→ **Goal of the exercise**
From the data below, copy exactly the lines that lie between the one holding "01|会社概要 One Stella" and the one holding "Набор спичечных этикеток.", including both, and nothing more.

→ **Dataset items**
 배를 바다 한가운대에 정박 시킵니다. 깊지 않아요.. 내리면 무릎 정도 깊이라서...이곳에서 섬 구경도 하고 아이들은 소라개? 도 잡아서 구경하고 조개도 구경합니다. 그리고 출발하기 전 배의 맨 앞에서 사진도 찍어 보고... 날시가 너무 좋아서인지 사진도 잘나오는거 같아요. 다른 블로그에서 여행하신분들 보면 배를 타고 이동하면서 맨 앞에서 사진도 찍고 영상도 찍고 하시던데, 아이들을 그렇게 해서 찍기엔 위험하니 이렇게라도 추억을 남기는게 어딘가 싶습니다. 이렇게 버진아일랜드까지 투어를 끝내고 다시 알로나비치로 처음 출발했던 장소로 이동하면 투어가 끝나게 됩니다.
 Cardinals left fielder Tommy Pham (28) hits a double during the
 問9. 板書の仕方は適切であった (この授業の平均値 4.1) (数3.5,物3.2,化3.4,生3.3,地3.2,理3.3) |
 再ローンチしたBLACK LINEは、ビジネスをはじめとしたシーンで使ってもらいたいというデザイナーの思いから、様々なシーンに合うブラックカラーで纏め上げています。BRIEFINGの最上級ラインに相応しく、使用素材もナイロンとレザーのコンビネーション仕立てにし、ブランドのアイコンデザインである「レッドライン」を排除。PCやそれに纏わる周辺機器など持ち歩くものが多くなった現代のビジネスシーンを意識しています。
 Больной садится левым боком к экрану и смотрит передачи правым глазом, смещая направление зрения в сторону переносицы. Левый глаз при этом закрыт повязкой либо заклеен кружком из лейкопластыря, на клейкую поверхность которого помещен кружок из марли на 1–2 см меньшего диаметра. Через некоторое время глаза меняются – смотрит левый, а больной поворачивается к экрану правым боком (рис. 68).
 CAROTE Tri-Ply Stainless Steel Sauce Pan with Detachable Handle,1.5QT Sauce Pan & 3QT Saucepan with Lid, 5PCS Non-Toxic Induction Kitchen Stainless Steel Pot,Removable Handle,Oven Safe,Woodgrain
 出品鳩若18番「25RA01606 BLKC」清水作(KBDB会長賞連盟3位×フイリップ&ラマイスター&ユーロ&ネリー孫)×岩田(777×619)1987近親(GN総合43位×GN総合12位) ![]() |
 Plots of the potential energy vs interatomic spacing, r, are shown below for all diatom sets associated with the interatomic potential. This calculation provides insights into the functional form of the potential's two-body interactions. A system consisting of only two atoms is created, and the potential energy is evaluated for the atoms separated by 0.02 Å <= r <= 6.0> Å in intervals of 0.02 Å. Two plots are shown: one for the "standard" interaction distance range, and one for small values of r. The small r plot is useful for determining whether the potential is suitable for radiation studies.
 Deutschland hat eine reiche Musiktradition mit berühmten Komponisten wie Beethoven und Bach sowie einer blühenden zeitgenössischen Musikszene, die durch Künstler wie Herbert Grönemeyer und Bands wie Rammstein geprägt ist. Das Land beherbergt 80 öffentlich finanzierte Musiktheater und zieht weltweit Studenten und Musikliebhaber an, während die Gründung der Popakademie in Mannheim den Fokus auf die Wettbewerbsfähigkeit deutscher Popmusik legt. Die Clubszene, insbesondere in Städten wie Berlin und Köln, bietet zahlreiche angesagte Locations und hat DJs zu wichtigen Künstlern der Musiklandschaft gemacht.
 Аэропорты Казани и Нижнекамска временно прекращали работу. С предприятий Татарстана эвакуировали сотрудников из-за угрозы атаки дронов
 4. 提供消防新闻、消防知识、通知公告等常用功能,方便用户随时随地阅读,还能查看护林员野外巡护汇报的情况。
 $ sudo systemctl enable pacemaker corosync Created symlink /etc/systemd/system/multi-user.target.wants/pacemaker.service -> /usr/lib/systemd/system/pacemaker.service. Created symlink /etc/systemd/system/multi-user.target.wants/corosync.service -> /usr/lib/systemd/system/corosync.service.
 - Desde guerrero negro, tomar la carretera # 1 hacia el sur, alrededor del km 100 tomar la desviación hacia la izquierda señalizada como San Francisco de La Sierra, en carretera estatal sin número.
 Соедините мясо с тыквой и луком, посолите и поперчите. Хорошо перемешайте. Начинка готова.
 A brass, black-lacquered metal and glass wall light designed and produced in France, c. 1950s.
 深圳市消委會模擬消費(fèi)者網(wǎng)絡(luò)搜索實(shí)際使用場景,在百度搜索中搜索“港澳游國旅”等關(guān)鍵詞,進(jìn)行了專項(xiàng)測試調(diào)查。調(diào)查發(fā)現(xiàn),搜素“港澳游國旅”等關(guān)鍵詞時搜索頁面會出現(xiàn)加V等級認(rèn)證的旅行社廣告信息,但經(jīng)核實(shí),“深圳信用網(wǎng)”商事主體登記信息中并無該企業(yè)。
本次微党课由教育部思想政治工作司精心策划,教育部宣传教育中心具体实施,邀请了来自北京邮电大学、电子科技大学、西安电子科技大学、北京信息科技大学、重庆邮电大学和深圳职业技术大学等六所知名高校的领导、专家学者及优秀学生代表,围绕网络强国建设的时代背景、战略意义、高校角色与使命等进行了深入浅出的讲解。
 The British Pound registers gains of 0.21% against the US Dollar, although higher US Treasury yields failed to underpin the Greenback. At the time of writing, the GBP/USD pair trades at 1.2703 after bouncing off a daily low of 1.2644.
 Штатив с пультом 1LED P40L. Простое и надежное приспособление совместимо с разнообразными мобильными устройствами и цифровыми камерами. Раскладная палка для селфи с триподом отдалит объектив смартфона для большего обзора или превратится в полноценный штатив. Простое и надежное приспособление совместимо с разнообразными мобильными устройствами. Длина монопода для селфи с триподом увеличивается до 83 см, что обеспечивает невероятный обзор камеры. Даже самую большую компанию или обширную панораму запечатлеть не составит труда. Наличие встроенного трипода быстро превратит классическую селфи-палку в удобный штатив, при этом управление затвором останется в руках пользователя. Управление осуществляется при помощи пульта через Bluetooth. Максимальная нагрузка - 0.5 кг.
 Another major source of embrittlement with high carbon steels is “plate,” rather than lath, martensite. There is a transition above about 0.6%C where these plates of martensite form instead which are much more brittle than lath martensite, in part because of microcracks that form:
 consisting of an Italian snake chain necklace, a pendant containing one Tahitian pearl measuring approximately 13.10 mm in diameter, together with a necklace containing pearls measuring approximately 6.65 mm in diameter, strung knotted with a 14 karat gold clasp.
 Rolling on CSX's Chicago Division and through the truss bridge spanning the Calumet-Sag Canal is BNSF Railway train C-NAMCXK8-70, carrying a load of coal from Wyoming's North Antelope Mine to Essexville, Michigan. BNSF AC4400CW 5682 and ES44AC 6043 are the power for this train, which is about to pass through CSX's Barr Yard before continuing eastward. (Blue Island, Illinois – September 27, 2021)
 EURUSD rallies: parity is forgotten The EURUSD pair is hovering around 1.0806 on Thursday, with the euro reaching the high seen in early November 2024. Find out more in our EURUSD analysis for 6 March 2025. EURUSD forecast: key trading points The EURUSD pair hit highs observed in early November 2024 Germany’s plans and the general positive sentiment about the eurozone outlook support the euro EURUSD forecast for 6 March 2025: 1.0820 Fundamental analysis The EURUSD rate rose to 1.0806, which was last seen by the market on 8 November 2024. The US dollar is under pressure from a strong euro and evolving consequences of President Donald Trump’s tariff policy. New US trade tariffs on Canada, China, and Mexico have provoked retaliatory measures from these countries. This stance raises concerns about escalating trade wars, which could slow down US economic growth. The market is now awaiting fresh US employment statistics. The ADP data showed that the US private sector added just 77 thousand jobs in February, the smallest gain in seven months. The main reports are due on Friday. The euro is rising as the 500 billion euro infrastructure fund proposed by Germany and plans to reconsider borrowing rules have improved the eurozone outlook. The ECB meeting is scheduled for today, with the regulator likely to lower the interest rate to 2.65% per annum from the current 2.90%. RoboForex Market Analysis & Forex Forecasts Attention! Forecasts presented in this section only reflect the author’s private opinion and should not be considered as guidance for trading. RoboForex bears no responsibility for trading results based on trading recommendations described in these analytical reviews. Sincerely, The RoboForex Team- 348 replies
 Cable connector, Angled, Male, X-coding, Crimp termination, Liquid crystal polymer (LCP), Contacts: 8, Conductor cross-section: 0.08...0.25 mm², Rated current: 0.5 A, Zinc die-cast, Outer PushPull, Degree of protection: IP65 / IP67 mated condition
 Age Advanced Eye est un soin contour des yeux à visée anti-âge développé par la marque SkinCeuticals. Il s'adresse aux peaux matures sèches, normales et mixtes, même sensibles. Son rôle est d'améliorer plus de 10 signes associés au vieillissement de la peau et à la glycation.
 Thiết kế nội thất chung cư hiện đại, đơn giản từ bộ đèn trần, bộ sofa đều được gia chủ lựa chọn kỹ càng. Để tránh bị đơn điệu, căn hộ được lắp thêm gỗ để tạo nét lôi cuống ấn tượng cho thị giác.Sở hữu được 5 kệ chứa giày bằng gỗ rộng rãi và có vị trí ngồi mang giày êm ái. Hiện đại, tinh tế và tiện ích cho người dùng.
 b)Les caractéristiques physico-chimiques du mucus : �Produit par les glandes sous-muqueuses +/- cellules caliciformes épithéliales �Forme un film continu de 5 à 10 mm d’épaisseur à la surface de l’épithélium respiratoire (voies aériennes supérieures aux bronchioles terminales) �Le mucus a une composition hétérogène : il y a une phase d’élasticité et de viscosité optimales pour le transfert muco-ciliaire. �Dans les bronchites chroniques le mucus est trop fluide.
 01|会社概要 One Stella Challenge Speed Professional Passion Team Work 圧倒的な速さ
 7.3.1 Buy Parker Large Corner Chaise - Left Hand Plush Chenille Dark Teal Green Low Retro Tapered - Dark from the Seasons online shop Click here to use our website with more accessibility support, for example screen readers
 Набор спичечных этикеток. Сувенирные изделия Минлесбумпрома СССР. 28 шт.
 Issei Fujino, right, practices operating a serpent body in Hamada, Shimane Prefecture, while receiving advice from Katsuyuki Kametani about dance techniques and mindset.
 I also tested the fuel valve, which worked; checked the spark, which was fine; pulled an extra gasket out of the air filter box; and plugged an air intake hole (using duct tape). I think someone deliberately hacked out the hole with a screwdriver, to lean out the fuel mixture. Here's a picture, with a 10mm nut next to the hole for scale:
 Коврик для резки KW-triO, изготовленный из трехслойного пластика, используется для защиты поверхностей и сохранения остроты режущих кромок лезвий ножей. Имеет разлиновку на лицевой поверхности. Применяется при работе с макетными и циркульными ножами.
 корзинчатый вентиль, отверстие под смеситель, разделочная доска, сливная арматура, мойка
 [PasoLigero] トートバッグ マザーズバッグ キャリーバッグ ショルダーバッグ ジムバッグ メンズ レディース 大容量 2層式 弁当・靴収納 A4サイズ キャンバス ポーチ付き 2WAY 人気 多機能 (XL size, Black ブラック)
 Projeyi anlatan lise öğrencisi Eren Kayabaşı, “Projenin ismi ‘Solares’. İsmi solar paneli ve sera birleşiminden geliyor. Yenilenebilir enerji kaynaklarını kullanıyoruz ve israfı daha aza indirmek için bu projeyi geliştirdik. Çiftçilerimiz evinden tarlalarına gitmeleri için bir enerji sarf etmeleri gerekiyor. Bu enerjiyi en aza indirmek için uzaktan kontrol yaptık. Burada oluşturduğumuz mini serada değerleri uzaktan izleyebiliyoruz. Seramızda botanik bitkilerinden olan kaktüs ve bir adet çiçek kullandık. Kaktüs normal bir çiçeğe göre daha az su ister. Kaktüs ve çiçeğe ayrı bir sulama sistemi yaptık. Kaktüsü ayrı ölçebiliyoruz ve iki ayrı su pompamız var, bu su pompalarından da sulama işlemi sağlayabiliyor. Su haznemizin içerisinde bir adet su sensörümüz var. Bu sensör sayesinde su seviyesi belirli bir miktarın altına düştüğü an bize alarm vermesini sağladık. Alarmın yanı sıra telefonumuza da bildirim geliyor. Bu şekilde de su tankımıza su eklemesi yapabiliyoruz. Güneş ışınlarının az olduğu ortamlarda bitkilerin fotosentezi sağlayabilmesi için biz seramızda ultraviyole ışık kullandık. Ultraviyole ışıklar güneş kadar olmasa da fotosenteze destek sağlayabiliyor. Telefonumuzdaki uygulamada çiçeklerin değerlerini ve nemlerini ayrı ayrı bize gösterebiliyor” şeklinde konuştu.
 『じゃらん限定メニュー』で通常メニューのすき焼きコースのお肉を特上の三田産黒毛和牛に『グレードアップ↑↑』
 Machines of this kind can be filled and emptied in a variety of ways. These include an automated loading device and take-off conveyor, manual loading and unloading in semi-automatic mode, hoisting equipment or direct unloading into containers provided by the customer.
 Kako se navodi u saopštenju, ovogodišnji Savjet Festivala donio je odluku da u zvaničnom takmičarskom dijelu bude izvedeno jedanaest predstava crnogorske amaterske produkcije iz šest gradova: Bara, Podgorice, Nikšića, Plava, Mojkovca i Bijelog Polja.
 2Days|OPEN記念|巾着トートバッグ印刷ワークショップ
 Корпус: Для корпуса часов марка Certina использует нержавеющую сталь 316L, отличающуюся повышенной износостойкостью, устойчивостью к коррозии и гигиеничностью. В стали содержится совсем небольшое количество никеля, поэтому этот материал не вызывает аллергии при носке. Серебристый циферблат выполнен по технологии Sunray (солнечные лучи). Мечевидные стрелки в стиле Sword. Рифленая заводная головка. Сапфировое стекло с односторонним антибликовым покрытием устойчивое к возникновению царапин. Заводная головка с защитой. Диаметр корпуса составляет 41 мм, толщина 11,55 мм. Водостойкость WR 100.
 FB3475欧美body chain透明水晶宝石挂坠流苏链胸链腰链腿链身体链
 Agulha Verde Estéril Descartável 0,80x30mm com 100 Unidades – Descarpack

→ **Problem solution**
 01|会社概要 One Stella Challenge Speed Professional Passion Team Work 圧倒的な速さ
 7.3.1 Buy Parker Large Corner Chaise - Left Hand Plush Chenille Dark Teal Green Low Retro Tapered - Dark from the Seasons online shop Click here to use our website with more accessibility support, for example screen readers
 Набор спичечных этикеток. Сувенирные изделия Минлесбумпрома СССР. 28 шт.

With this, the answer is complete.